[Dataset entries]
*-*-*

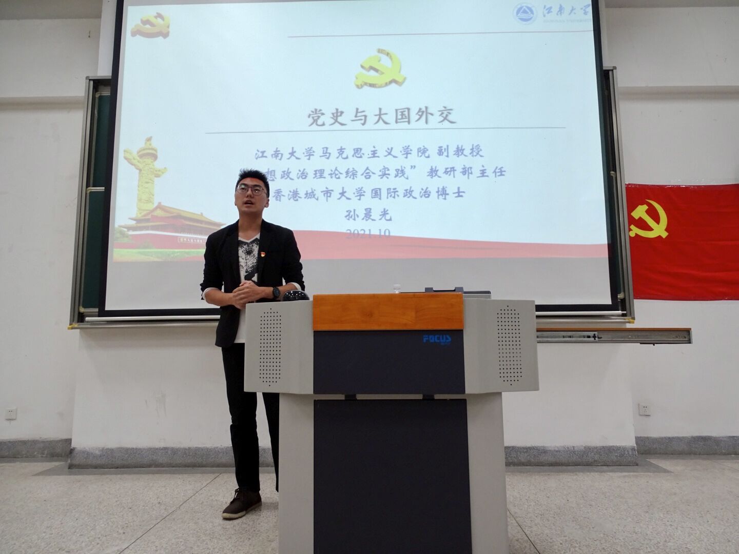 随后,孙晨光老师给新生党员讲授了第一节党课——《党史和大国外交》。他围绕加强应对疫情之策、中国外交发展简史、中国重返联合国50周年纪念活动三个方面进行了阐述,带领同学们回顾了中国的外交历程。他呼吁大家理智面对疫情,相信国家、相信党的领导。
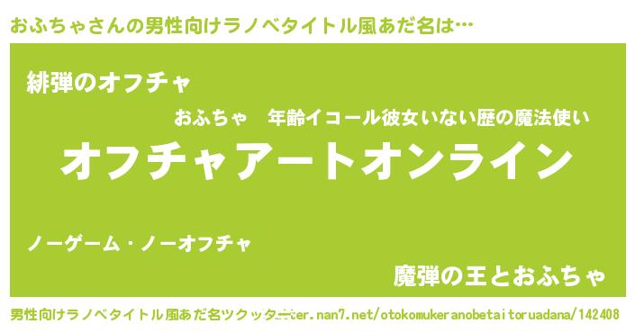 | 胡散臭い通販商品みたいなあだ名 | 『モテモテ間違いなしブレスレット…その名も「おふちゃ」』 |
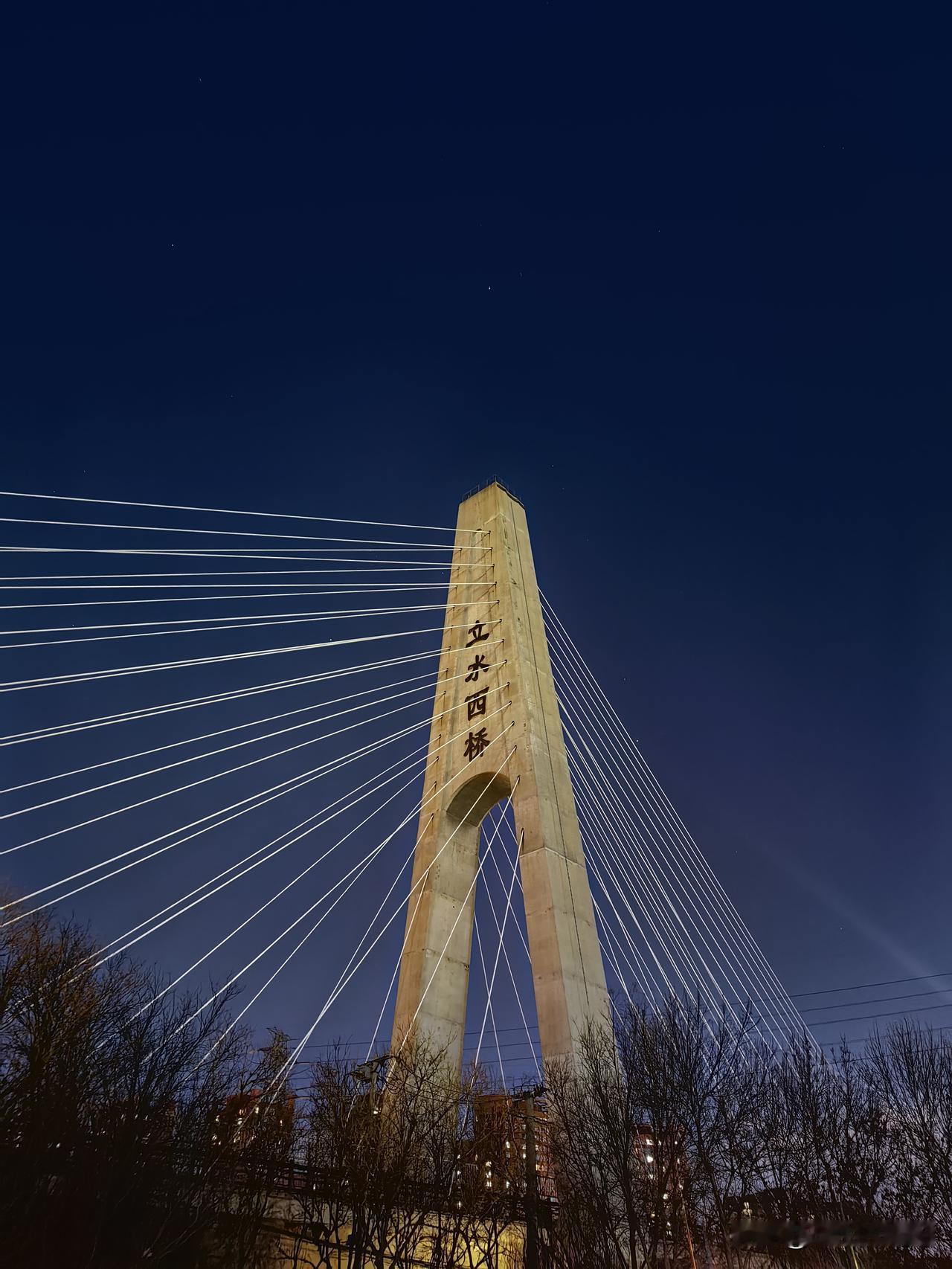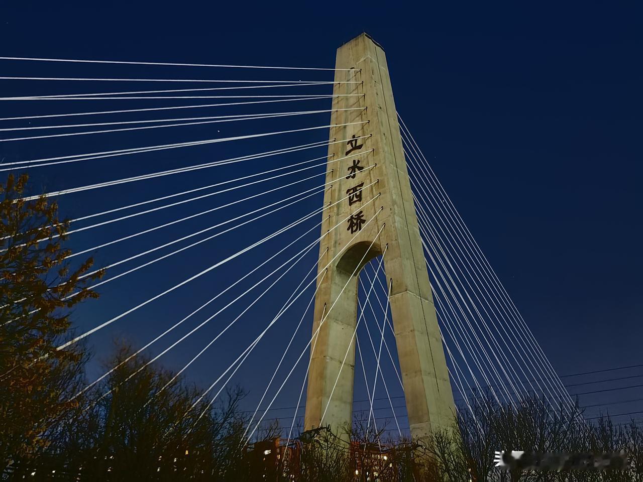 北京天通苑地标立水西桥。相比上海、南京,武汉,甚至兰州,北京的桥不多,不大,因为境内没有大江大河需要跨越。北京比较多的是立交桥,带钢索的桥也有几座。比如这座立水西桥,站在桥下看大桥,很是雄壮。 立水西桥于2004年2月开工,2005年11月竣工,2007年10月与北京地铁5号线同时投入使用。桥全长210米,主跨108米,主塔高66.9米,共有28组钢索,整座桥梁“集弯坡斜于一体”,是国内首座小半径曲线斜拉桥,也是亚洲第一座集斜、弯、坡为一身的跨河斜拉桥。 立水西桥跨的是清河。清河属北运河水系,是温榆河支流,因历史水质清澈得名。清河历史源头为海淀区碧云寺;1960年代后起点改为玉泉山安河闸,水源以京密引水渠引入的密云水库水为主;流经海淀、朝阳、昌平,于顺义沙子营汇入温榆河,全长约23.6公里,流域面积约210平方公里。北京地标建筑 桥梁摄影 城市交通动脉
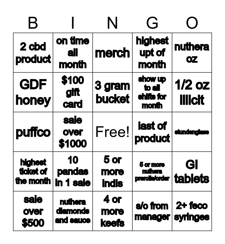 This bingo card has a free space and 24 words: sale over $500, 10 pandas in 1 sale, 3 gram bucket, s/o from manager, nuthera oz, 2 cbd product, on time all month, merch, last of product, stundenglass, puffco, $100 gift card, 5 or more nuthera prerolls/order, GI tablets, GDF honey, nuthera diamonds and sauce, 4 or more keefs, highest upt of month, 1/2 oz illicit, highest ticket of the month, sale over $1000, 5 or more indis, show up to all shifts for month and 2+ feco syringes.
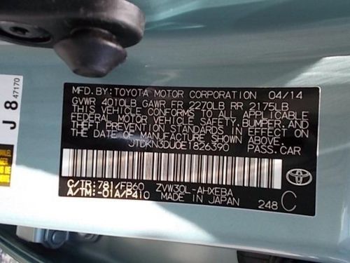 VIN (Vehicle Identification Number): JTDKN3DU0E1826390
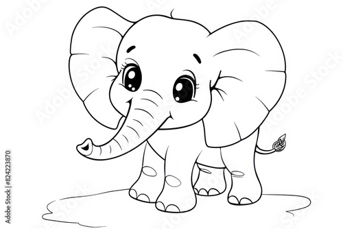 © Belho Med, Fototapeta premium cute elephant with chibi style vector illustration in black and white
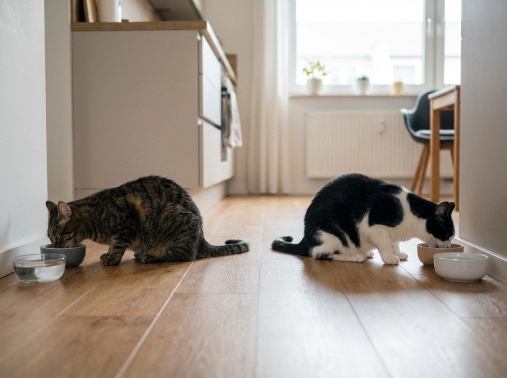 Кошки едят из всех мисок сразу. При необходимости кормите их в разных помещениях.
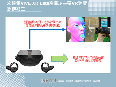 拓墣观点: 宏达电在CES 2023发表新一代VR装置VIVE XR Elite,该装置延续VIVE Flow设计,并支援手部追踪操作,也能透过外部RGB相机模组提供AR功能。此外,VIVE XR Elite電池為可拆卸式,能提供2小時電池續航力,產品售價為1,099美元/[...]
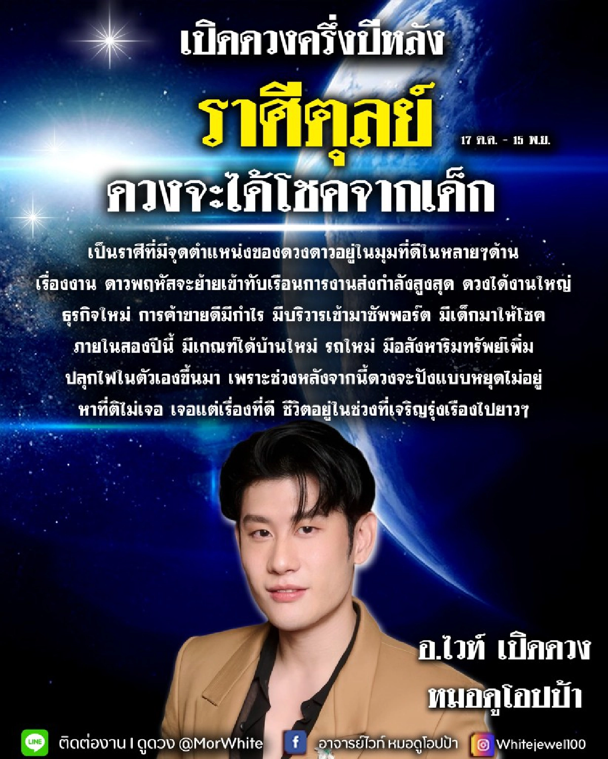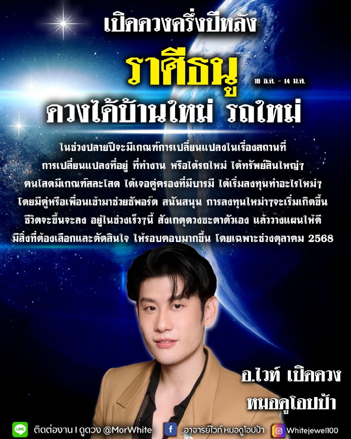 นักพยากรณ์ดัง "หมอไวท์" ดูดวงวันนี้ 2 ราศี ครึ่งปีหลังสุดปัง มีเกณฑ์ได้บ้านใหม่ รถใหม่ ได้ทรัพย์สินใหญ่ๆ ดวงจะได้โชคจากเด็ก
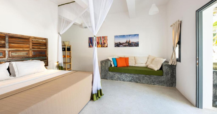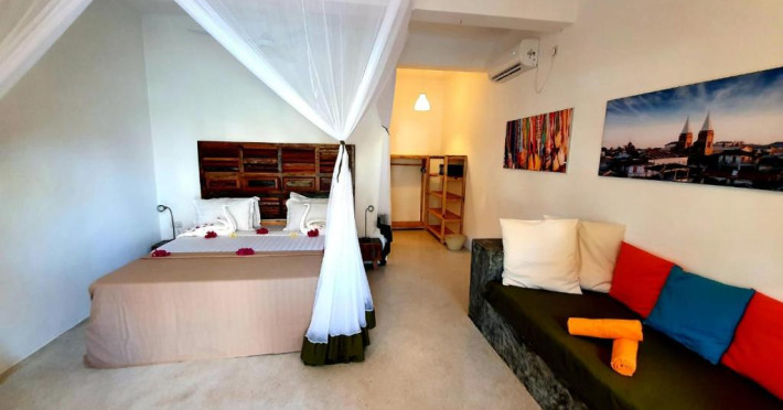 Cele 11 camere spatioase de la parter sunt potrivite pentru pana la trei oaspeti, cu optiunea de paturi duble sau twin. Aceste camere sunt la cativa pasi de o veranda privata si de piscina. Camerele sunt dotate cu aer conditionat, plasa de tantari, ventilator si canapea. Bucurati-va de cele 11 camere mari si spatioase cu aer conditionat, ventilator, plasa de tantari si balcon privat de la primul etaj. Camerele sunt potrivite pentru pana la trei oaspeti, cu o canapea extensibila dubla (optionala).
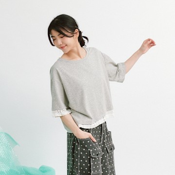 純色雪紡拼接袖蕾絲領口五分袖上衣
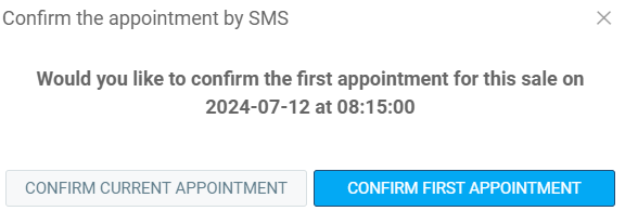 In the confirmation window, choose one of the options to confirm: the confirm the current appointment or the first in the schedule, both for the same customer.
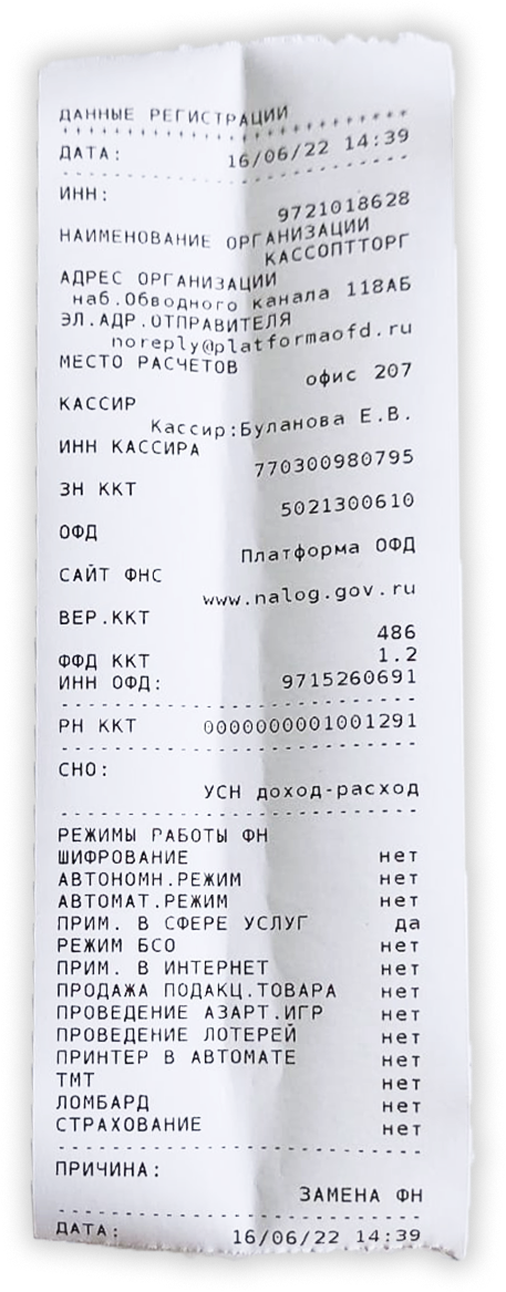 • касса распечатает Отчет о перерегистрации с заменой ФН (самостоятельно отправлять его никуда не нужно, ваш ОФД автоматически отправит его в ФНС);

*-*-*

EXERCISE
Take the entries shown above and quote them verbatim, passing over the pictures.

RESPONSE
 随后,孙晨光老师给新生党员讲授了第一节党课——《党史和大国外交》。他围绕加强应对疫情之策、中国外交发展简史、中国重返联合国50周年纪念活动三个方面进行了阐述,带领同学们回顾了中国的外交历程。他呼吁大家理智面对疫情,相信国家、相信党的领导。
 | 胡散臭い通販商品みたいなあだ名 | 『モテモテ間違いなしブレスレット…その名も「おふちゃ」』 |
 北京天通苑地标立水西桥。相比上海、南京,武汉,甚至兰州,北京的桥不多,不大,因为境内没有大江大河需要跨越。北京比较多的是立交桥,带钢索的桥也有几座。比如这座立水西桥,站在桥下看大桥,很是雄壮。 立水西桥于2004年2月开工,2005年11月竣工,2007年10月与北京地铁5号线同时投入使用。桥全长210米,主跨108米,主塔高66.9米,共有28组钢索,整座桥梁“集弯坡斜于一体”,是国内首座小半径曲线斜拉桥,也是亚洲第一座集斜、弯、坡为一身的跨河斜拉桥。 立水西桥跨的是清河。清河属北运河水系,是温榆河支流,因历史水质清澈得名。清河历史源头为海淀区碧云寺;1960年代后起点改为玉泉山安河闸,水源以京密引水渠引入的密云水库水为主;流经海淀、朝阳、昌平,于顺义沙子营汇入温榆河,全长约23.6公里,流域面积约210平方公里。北京地标建筑 桥梁摄影 城市交通动脉
 This bingo card has a free space and 24 words: sale over $500, 10 pandas in 1 sale, 3 gram bucket, s/o from manager, nuthera oz, 2 cbd product, on time all month, merch, last of product, stundenglass, puffco, $100 gift card, 5 or more nuthera prerolls/order, GI tablets, GDF honey, nuthera diamonds and sauce, 4 or more keefs, highest upt of month, 1/2 oz illicit, highest ticket of the month, sale over $1000, 5 or more indis, show up to all shifts for month and 2+ feco syringes.
 VIN (Vehicle Identification Number): JTDKN3DU0E1826390
 © Belho Med, Fototapeta premium cute elephant with chibi style vector illustration in black and white
 Кошки едят из всех мисок сразу. При необходимости кормите их в разных помещениях.
 拓墣观点: 宏达电在CES 2023发表新一代VR装置VIVE XR Elite,该装置延续VIVE Flow设计,并支援手部追踪操作,也能透过外部RGB相机模组提供AR功能。此外,VIVE XR Elite電池為可拆卸式,能提供2小時電池續航力,產品售價為1,099美元/[...]
 นักพยากรณ์ดัง "หมอไวท์" ดูดวงวันนี้ 2 ราศี ครึ่งปีหลังสุดปัง มีเกณฑ์ได้บ้านใหม่ รถใหม่ ได้ทรัพย์สินใหญ่ๆ ดวงจะได้โชคจากเด็ก
 Cele 11 camere spatioase de la parter sunt potrivite pentru pana la trei oaspeti, cu optiunea de paturi duble sau twin. Aceste camere sunt la cativa pasi de o veranda privata si de piscina. Camerele sunt dotate cu aer conditionat, plasa de tantari, ventilator si canapea. Bucurati-va de cele 11 camere mari si spatioase cu aer conditionat, ventilator, plasa de tantari si balcon privat de la primul etaj. Camerele sunt potrivite pentru pana la trei oaspeti, cu o canapea extensibila dubla (optionala).
 純色雪紡拼接袖蕾絲領口五分袖上衣
 In the confirmation window, choose one of the options to confirm: the confirm the current appointment or the first in the schedule, both for the same customer.
 • касса распечатает Отчет о перерегистрации с заменой ФН (самостоятельно отправлять его никуда не нужно, ваш ОФД автоматически отправит его в ФНС);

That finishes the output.